When we decompose $\mathbf{C} = \mathbf{Q}\mathbf{\Lambda}\mathbf{Q}^T$, we are essentially "un-sandwiching" the matrix to find its core properties:

Orthogonality: Because $\mathbf{C}$ is a symmetric matrix, its eigenvectors are always perpendicular (orthogonal) to each other. This is a massive advantage: it means our new Principal Components ($\text{PC}_1, \text{PC}_2, \dots$) form a perfect, rigid coordinate grid—just like the original $X$ and $Y$ axes, but rotated.
Variance Mapping: The eigenvalues $\lambda_i$ correspond exactly to the amount of variance in the data along the direction of their respective eigenvectors.The largest eigenvalue $\lambda_1$ points to the direction of maximum spread.The smallest eigenvalue points to the direction of least information.
Total Variance (The Trace): One of the most beautiful properties of this transformation is that the Trace is invariant under rotation. The sum of the diagonal of $\mathbf{C}$ (original variances) is equal to the sum of the eigenvalues (variances in the new system):$$\sum \text{Var}(\text{Original Axes}) = \sum \lambda_i$$This proves that PCA doesn't lose any information; it just "repackages" it.

In [1]:

import numpy as np
import matplotlib.pyplot as plt
from matplotlib.patches import Ellipse
import matplotlib.transforms as transforms

def draw_confidence_ellipse(mu, sigma, ax, n_std=2.0, facecolor='none', **kwargs):
    """
    Utility to create a plot of the covariance confidence ellipse.
    """
    # 1. Compute Eigen-decomposition of the covariance matrix
    vals, vecs = np.linalg.eigh(sigma)
    order = vals.argsort()[::-1]
    vals, vecs = vals[order], vecs[:, order]
    
    # 2. Calculate the angle of rotation
    theta = np.degrees(np.arctan2(*vecs[:, 0][::-1]))
    
    # 3. Width and height are standard deviations (sqrt of eigenvalues)
    width, height = 2 * n_std * np.sqrt(vals)
    
    # 4. Create the ellipse
    ell = Ellipse(xy=mu, width=width, height=height, angle=theta, 
                  facecolor=facecolor, **kwargs)
    return ax.add_patch(ell)

# --- Parameters & Data ---
np.random.seed(42)
od = 0.8
Sigma = np.array([[2, od], [od, 0.6]])
mu = np.array([2., 1.])
nb_data = 100
X = np.random.multivariate_normal(mu, Sigma, nb_data)

# --- Statistics ---
mean_emp = X.mean(axis=0)
cov_mat = np.cov(X, rowvar=False)
eig_vals, eig_vecs = np.linalg.eig(cov_mat)

# --- Visualization ---
fig, ax = plt.subplots(figsize=(7, 7))

# 1. Plot the sampled data
ax.scatter(X[:, 0], X[:, 1], c='b', marker='x', alpha=0.6, label="Sampled Data")

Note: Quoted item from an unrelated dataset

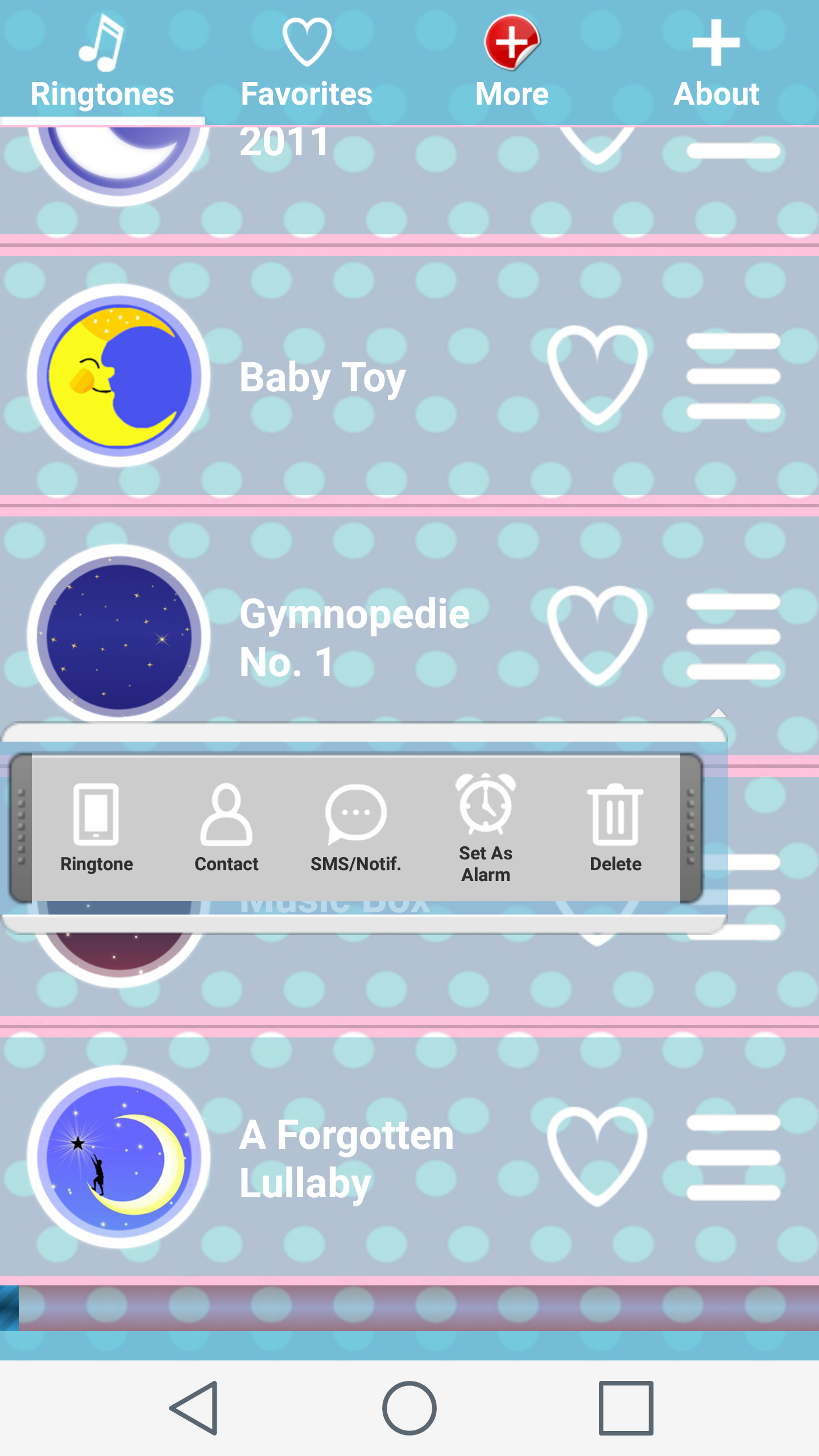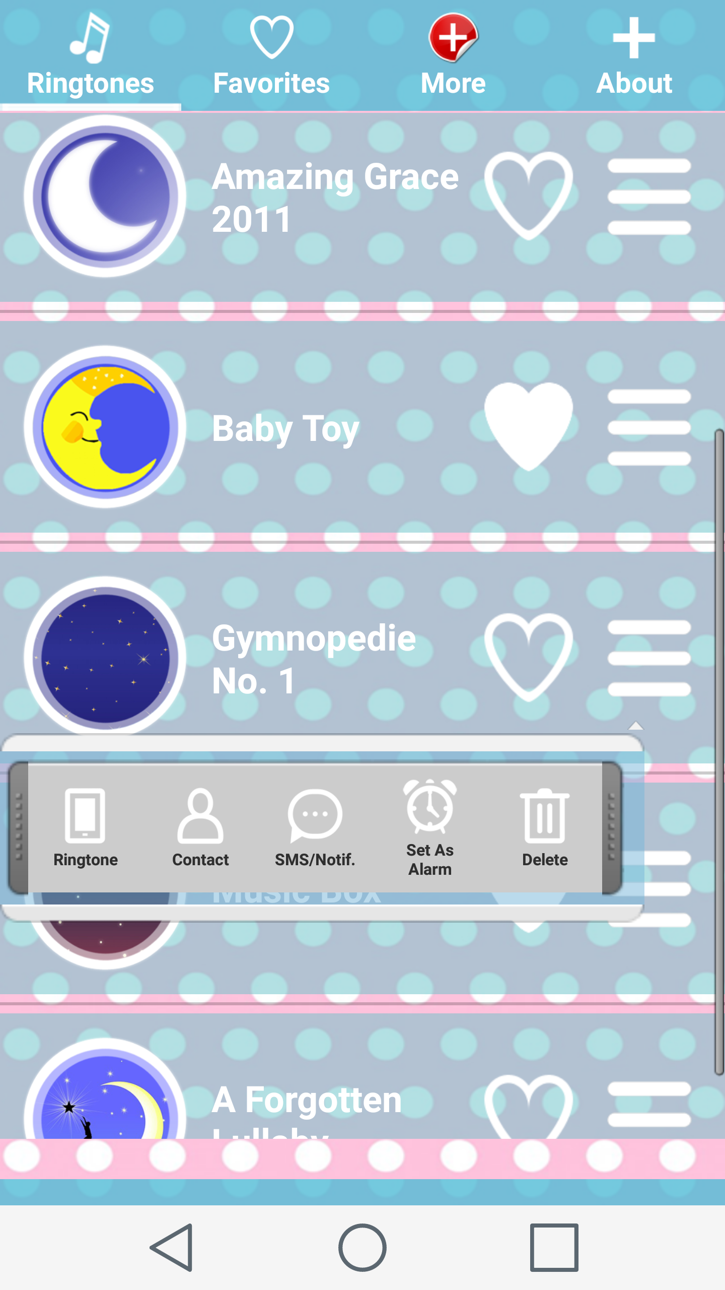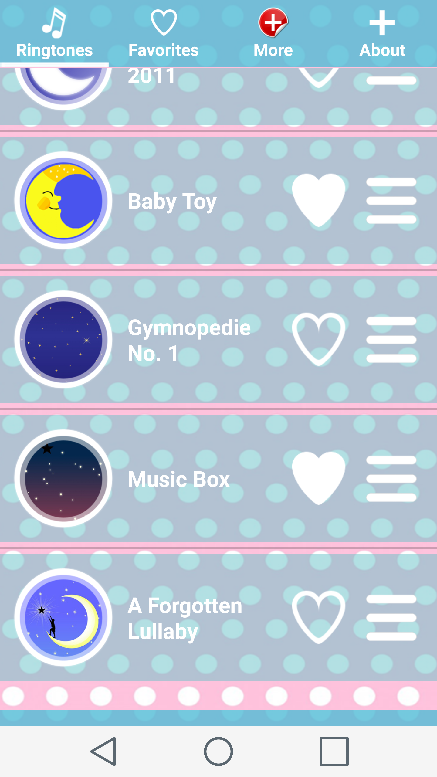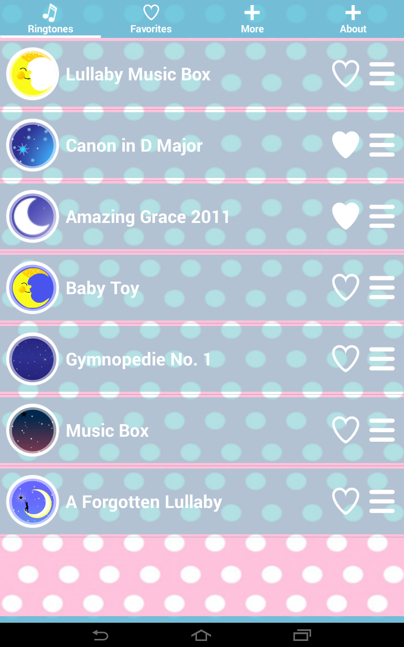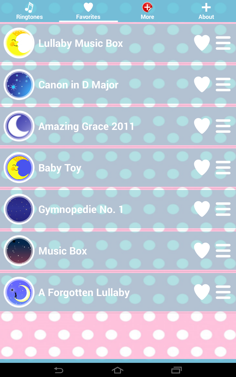 If your baby can't sleep than we have best lullaby music for you. If your baby keeps you awake all night long then our Baby Sleep Music will help you for sure. With this best ringtones you won't never again go to work tired and exhausted. Our new cool baby songs free will help your baby for sure. And not only your baby, they will also help you. Lullaby music is great way to keep calm you and to make you sleep. We have great collection of lullaby songs for babies. With this app you can be sure that your baby will have great and comfortable sleep all night long. We choose the best lullabies for babies and your baby will adore them for sure. You will never be awake all night long because your baby is crying and don't want to sleep. Amazing, isn't it? But, that is not all. If you want to wake up with a smile on your face you can set one of these popular ringtones as alarm sounds on your Android™ phone. You can, also set some of these lullaby songs as SMS notification on your phone and you will enjoy in the best lullaby music wherever you receive message. Your baby will be happy, you will be happy with our new Baby Sleep Music. Music box lullaby in one place just for your Android™ phone. Your job is only to download this free ringtones application and to enjoy in great baby sleep sounds. And all of these great things for free. Babies are the most important thing in the world so, they must have only the best things. Download our Baby Sleep Music application, relax and enjoy with your baby.

# 2. Plot the TRUE underlying distribution (The Ellipse)
# We draw the 2-sigma ellipse (approx 95% of data)
draw_confidence_ellipse(mu, Sigma, ax, n_std=2.0, edgecolor='black', 
                         linestyle='--', label=r'True Dist. (2$\sigma$)')

# 3. Plot the Eigenvectors (Empirical)
colors = ['r', 'g']
for i in range(2):
    std_dev = np.sqrt(eig_vals[i])
    v = eig_vecs[:, i] * std_dev
    ax.quiver(mean_emp[0], mean_emp[1], v[0], v[1], 
              color=colors[i], angles='xy', scale_units='xy', scale=1, 
              label=fr'PC {i+1} ($\sigma$)')

# Formatting
ax.axhline(0, color='grey', lw=0.5)
ax.axvline(0, color='grey', lw=0.5)
ax.set_aspect('equal')
ax.set_xlabel('$x_1$')
ax.set_ylabel('$x_2$')
ax.set_title('PCA and Underlying Gaussian Distribution')
ax.legend()
plt.grid(True, alpha=0.3)
plt.show()

No description has been provided for this image

The Data Cloud (Blue Crosses): These are your $n=40$ measurements. Their elongated shape shows correlation: when $x_1$ increases, $x_2$ usually does too. PCA aims to "unmix" this relationship.
The Ground Truth (Dashed Ellipse): This is the 2-sigma contour ($2\sigma$) of the true Gaussian distribution. It represents the "hidden" model that generated the data. About 95% of all potential points fall within this boundary.
The Principal Components (Arrows): These are the Eigenvectors of the covariance matrix, centered at the empirical mean:
- Red Arrow ($PC_1$): Points in the direction of maximum variance. This is the "main axis" of your data.
- Green Arrow ($PC_2$): Points in the direction of minimum variance, perpendicular to the first.
- Length: The arrows are scaled by $\sqrt{\lambda}$ (standard deviation). A longer arrow means more "information" or spread is captured along that axis.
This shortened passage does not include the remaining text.